● **Available data**:

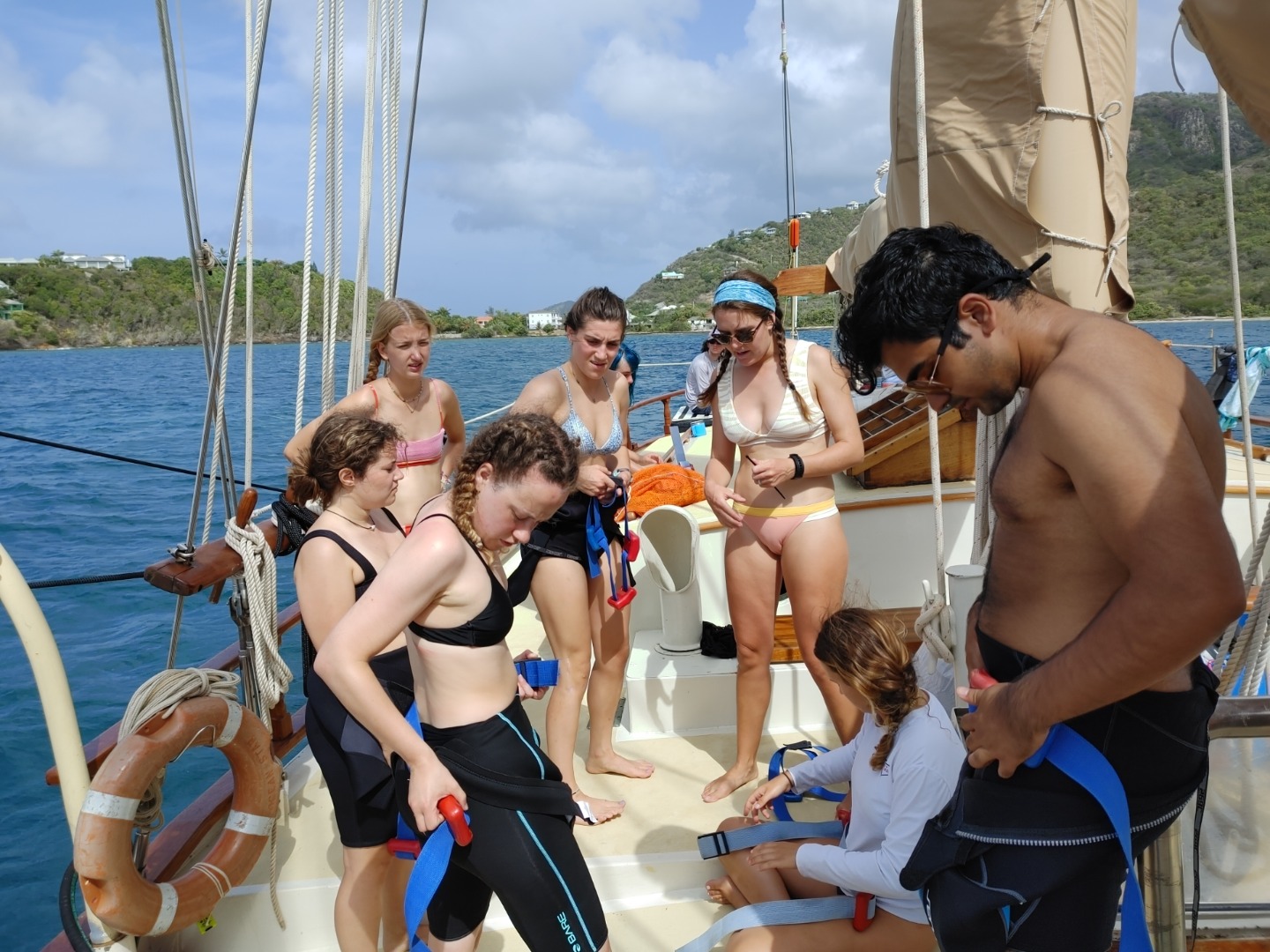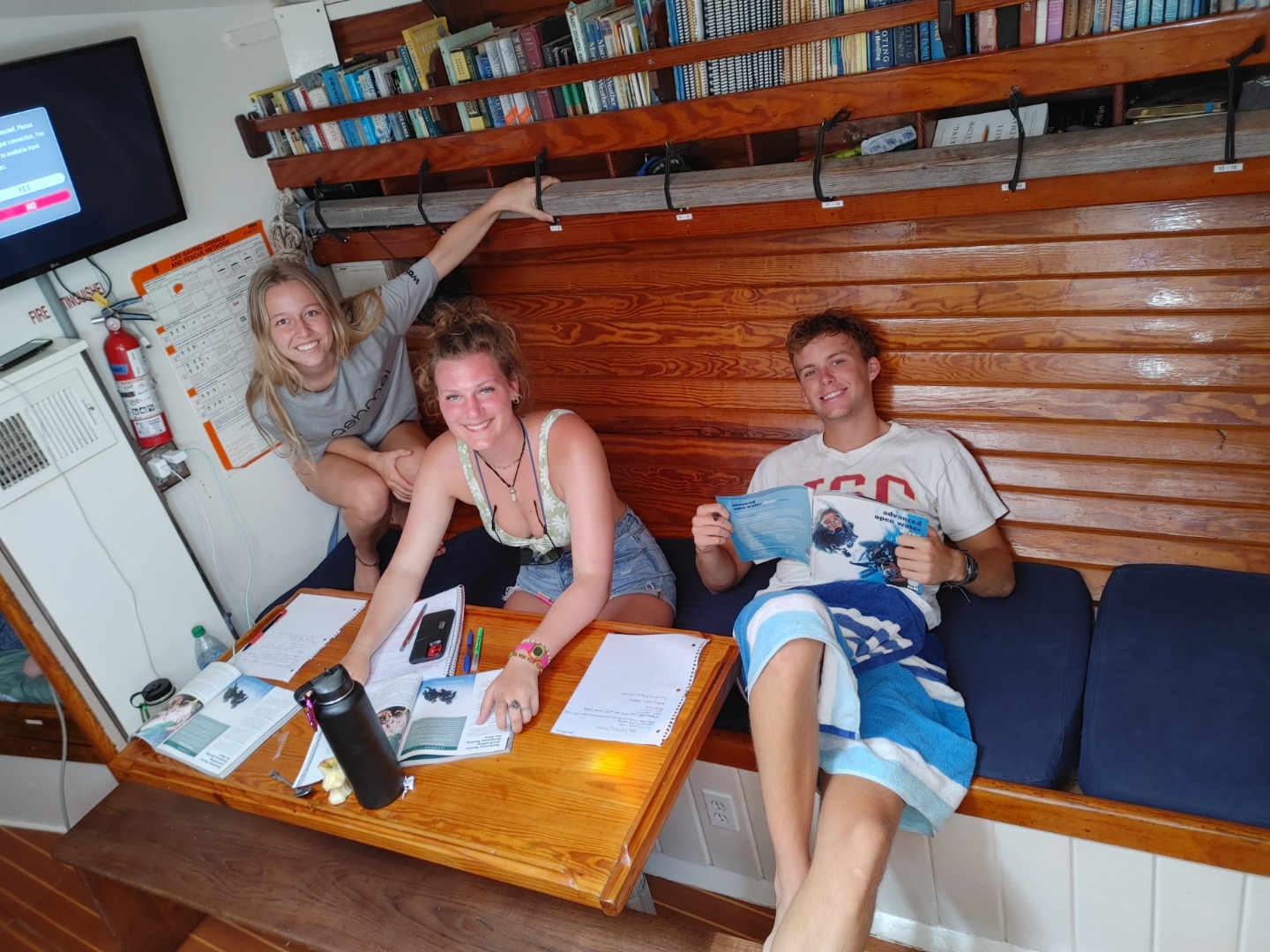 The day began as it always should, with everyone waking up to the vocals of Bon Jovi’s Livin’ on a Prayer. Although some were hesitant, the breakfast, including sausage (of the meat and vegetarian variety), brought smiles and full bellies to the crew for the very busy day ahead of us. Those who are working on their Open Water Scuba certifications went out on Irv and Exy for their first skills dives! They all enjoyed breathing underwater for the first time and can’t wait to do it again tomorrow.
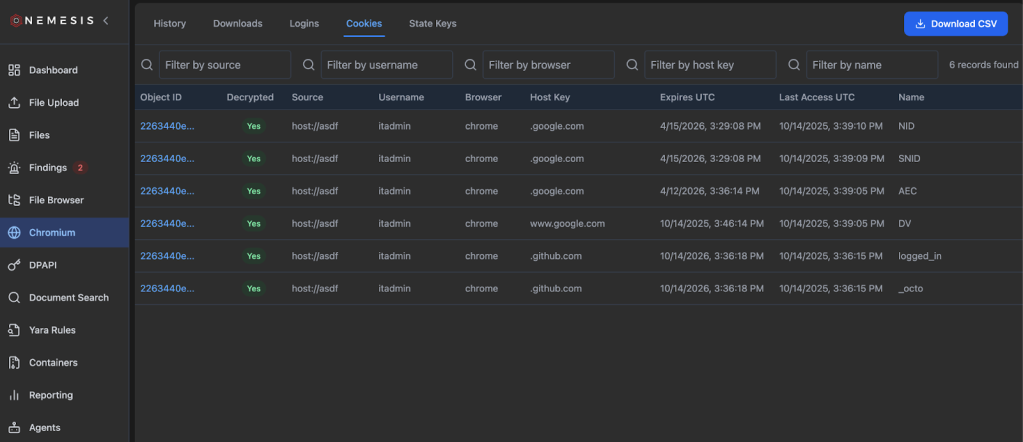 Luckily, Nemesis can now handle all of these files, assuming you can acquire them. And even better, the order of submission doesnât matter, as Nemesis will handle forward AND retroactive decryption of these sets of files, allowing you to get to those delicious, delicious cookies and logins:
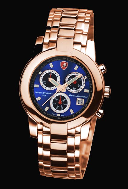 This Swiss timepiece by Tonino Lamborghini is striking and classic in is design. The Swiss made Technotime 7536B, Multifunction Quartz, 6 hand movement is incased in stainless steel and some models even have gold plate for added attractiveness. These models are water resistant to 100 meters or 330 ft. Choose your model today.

==

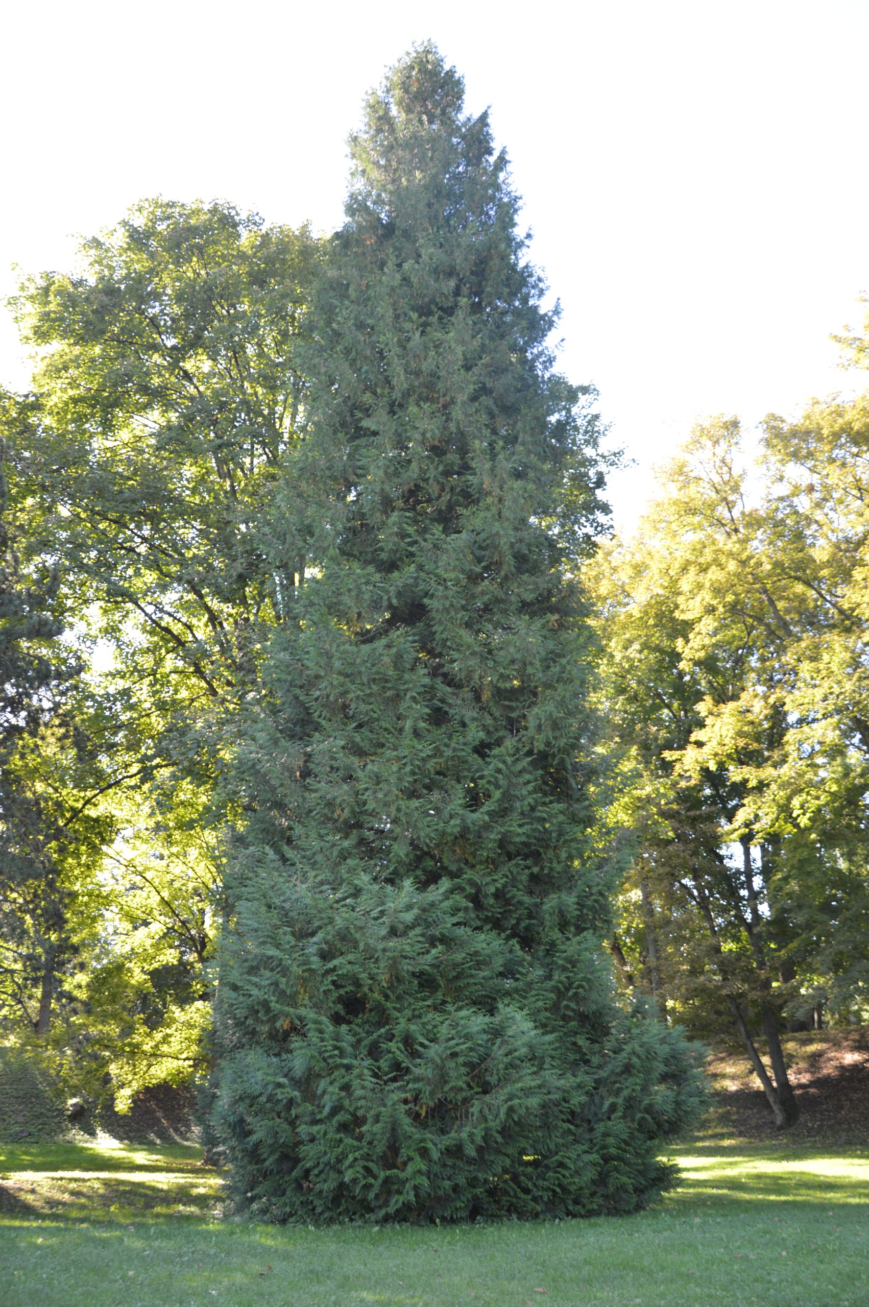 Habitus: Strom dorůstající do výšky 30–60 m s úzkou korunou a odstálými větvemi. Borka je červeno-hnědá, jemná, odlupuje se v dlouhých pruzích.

● **Activity**:
Go down the entries above from the line containing "The day began" to the line containing "This Swiss timepiece" and write out each line exactly, leaving pictures out.

● **Exercise answer**:
 The day began as it always should, with everyone waking up to the vocals of Bon Jovi’s Livin’ on a Prayer. Although some were hesitant, the breakfast, including sausage (of the meat and vegetarian variety), brought smiles and full bellies to the crew for the very busy day ahead of us. Those who are working on their Open Water Scuba certifications went out on Irv and Exy for their first skills dives! They all enjoyed breathing underwater for the first time and can’t wait to do it again tomorrow.
 Luckily, Nemesis can now handle all of these files, assuming you can acquire them. And even better, the order of submission doesnât matter, as Nemesis will handle forward AND retroactive decryption of these sets of files, allowing you to get to those delicious, delicious cookies and logins:
 This Swiss timepiece by Tonino Lamborghini is striking and classic in is design. The Swiss made Technotime 7536B, Multifunction Quartz, 6 hand movement is incased in stainless steel and some models even have gold plate for added attractiveness. These models are water resistant to 100 meters or 330 ft. Choose your model today.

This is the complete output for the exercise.